Julio's Day
by Gilbert Hernandez
by Gilbert Hernandez
104-page black & white 7.5" x 10.75" hardcover • $19.99
ISBN: 978-1-60699-606-5
ISBN: 978-1-60699-606-5
In-store date: March 2013 (subject to change)
It begins in the year 1900, with
the scream of a newborn. It ends, 100 pages later, in the year 2000,
with the death rattle of a 100-year-old man. The infant and the old man
are both Julio, and Gilbert Hernandez’s Julio’s Day (originally serialized in Love and Rockets Vol. II
but never completed until now) is his latest graphic novel, a
masterpiece of elliptical, emotional storytelling that traces one life —
indeed, one century in a human life — through a series of carefully
crafted, consistently surprising and enthralling vignettes.
There is hope and joy, there is
bullying and grief, there is war (so much war — this is after all the
20th century), there is love, there is heartbreak.

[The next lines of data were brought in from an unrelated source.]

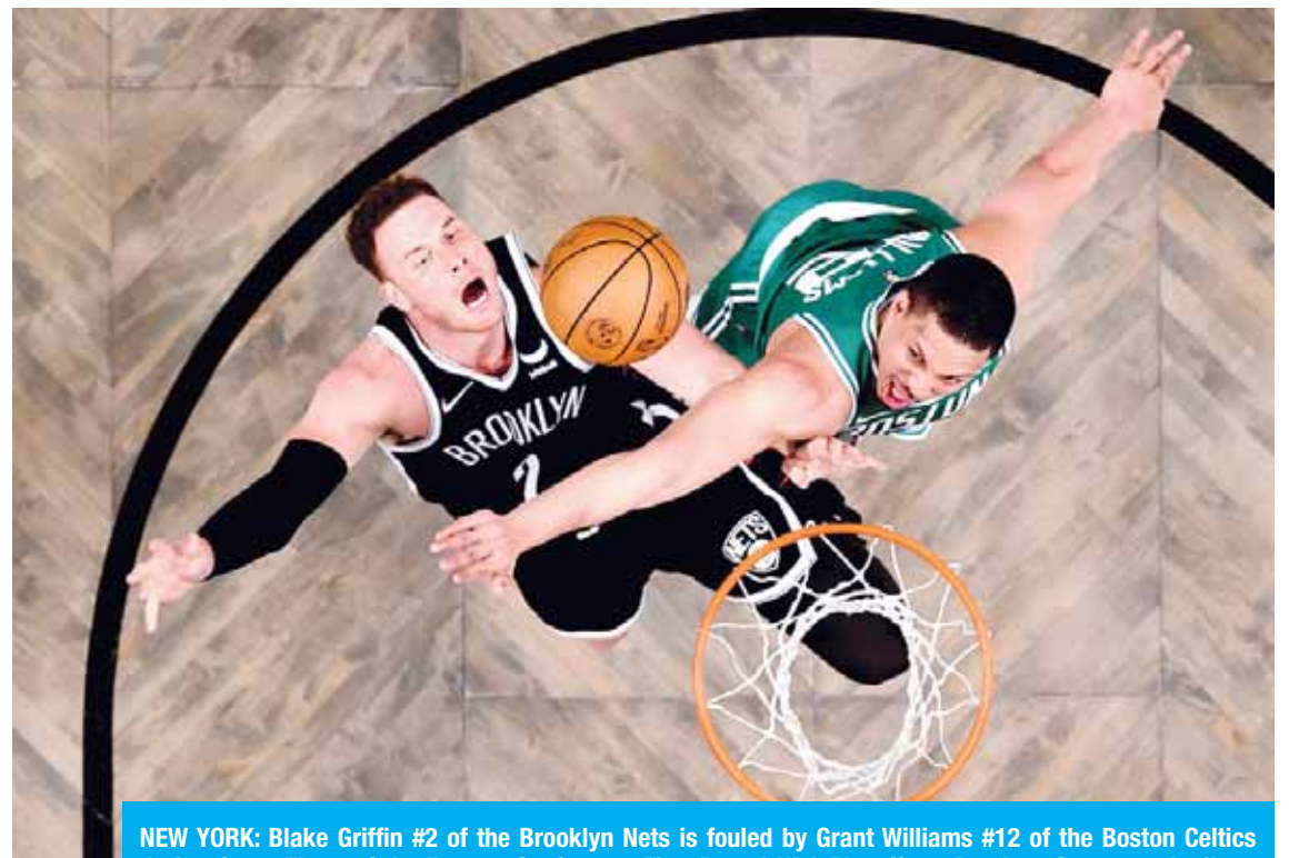
NEW YORK: Blake Griffin #2 of the Brooklyn Nets is fouled by Grant Williams #12 of the Boston Celtics during Game Three of the Eastern Conference First Round NBA Playoffs at Barclays Center on April 23, 2022.

In Toronto, forward Pascal Siakam scored a playoff career-high 34 points and Gary Trent Jr. added 24 in the Raptors' 110-102 triumph over the Philadelphia 76ers to cut the deficit in their series to 3-1. The Sixers can still advance in the best-of-
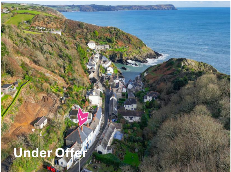
The Ship Inn, Portloe – Guide price £550,000 Freehold Village pub in coastal location. Public bar and restaurant. Attractive beer garden and customer parking.
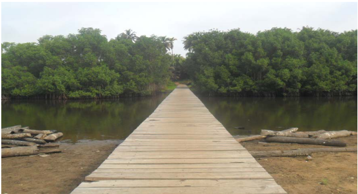
Table 5: Showing reverence to wetland gods
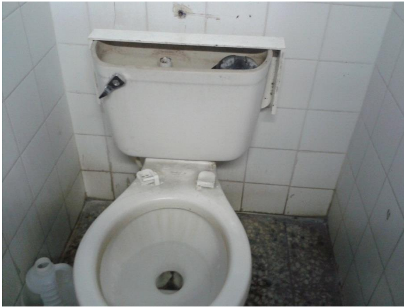
Illustration 4 (Condition and Capacity of Bathrooms: Locked Door to Broken Toilet)
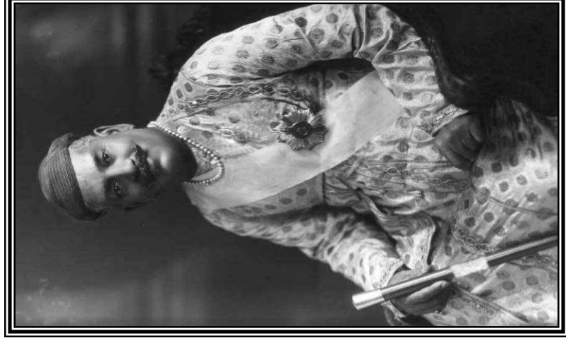
(2) Maharaja Sir Sayajirao III Gaekwad of Baroda (1863-1939)
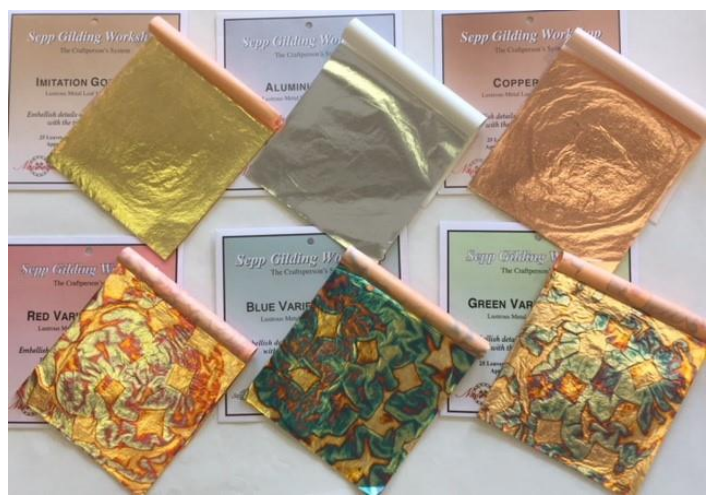
Sepp Gilding Workshop Leaf – Imitation Gold, Aluminum, Copper, and Red, Blue and Green Variegated
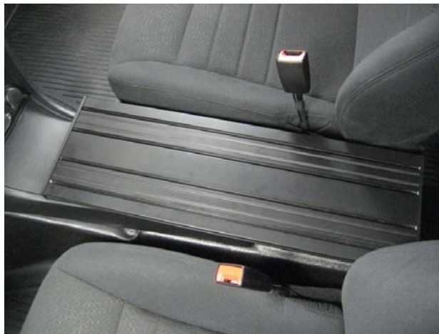
Attach Trak to rear bracket with \frac{1}{4} " x \frac{3}{4} " Hex head bolts and serrated nuts. Tighten hardware and replace OEM front trim. Slide necessary console mount hardware into the top of the Trak and attach self-adhesive end caps on ends of Trak.
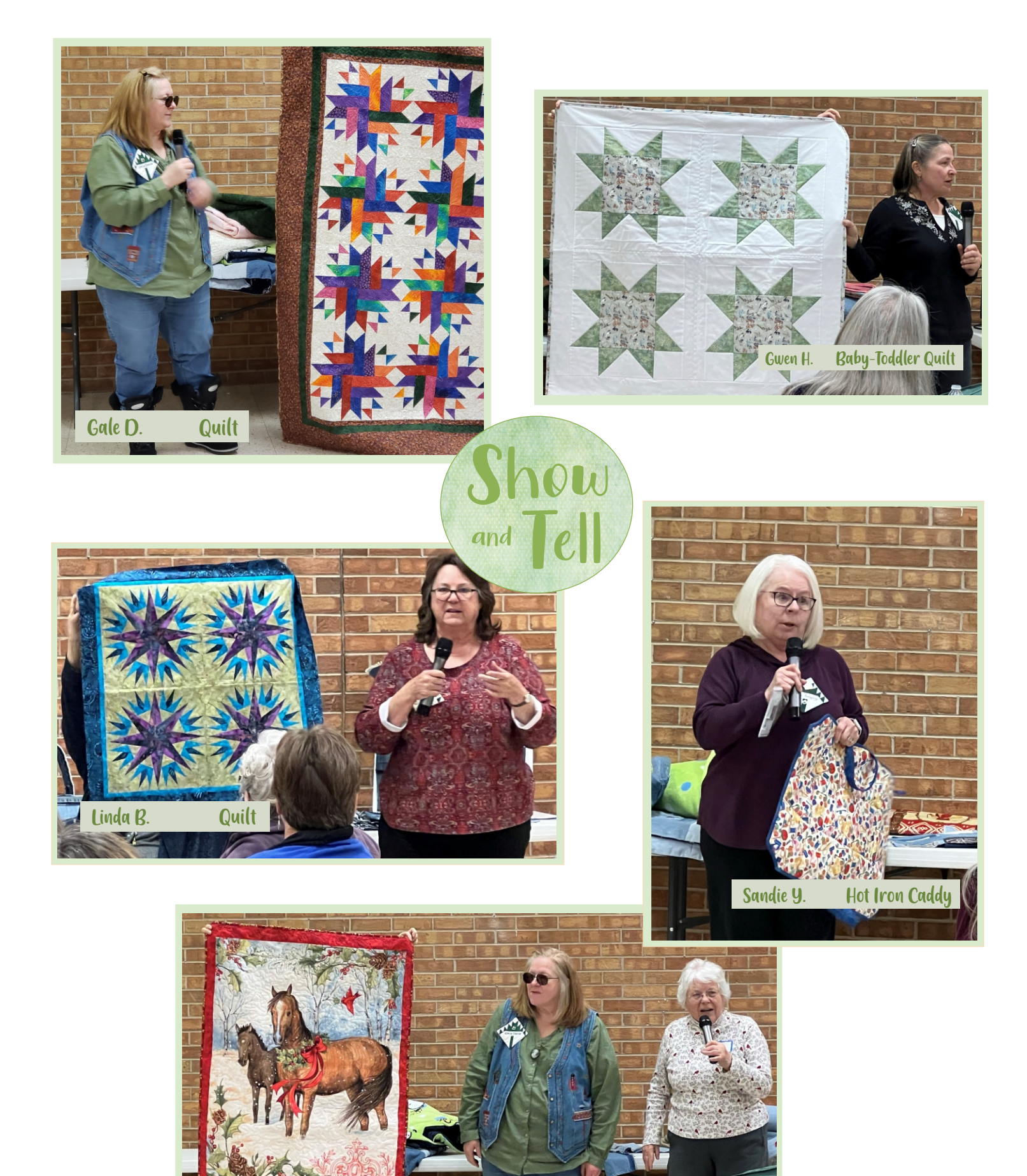
Register your Show and Tell quilt at the welcome Desk before the meeting Starts
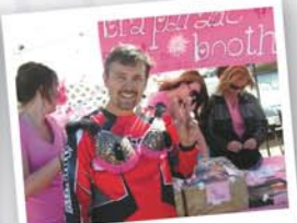
What a sport you are Fill! Motox for the Cure
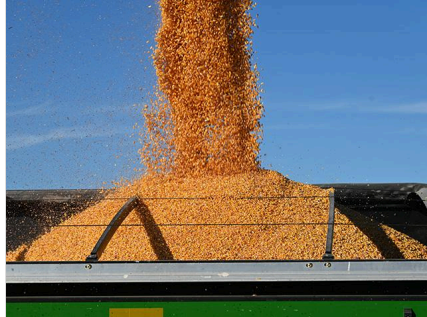
A Nebraska farmer has asked the U.S. Bankruptcy Court in Nebraska to void a corn-delivery contract he had with Hansen-Mueller Co., as part of the company's ongoing Chapter 11 bankruptcy.

LINCOLN, Neb. (DTN) -- Hansen-Mueller Co. told Nebraska regulators that 38 farmers in the state had been paid for grain deliveries as part of an agreement to reinstate the company's grain dealer license. But at least one Nebraska farmer said he remains unpaid and has asked a federal bankruptcy court to declare that a contract for future corn deliveries cannot be assumed or assigned by the company.

While Julio’s Day
has some settings and elements in common with Hernandez’s Palomar cycle
(the Central American protagonists and milieu, the vivid characters,
the strong familial and social ties), this is a very much a singular,
standalone story that will help cement his position as one of the
strongest and most original cartoonists of this, or any other, century.
"Julio's Day is a story
of one man's life, but it's a great deal more than that as well. It's
the story of the life of a century, also told as if a day. Beginning
with Julio's birth in 1900 and ending with his death in 2000, the
graphic novel touches on most of the major events that shaped the 20th
century." – Brian Evenson, from his introduction
"A haunting performance and about
as perfect a literary work as I've read in years. Hernandez
accomplishes in 100 pages what most novelists only dream of — rendering
the closeted phlegmatic Julio in all his confounding complexity and in
the process creating an unflinching biography of a community, a country
and a century. A masterpiece." – Junot Díaz
ABOUT THE CARTOONIST: Gilbert Hernandez has been enrapturing readers with his Love and Rockets stories for over 30 years. He lives in Las Vegas, NV with his wife and daughter.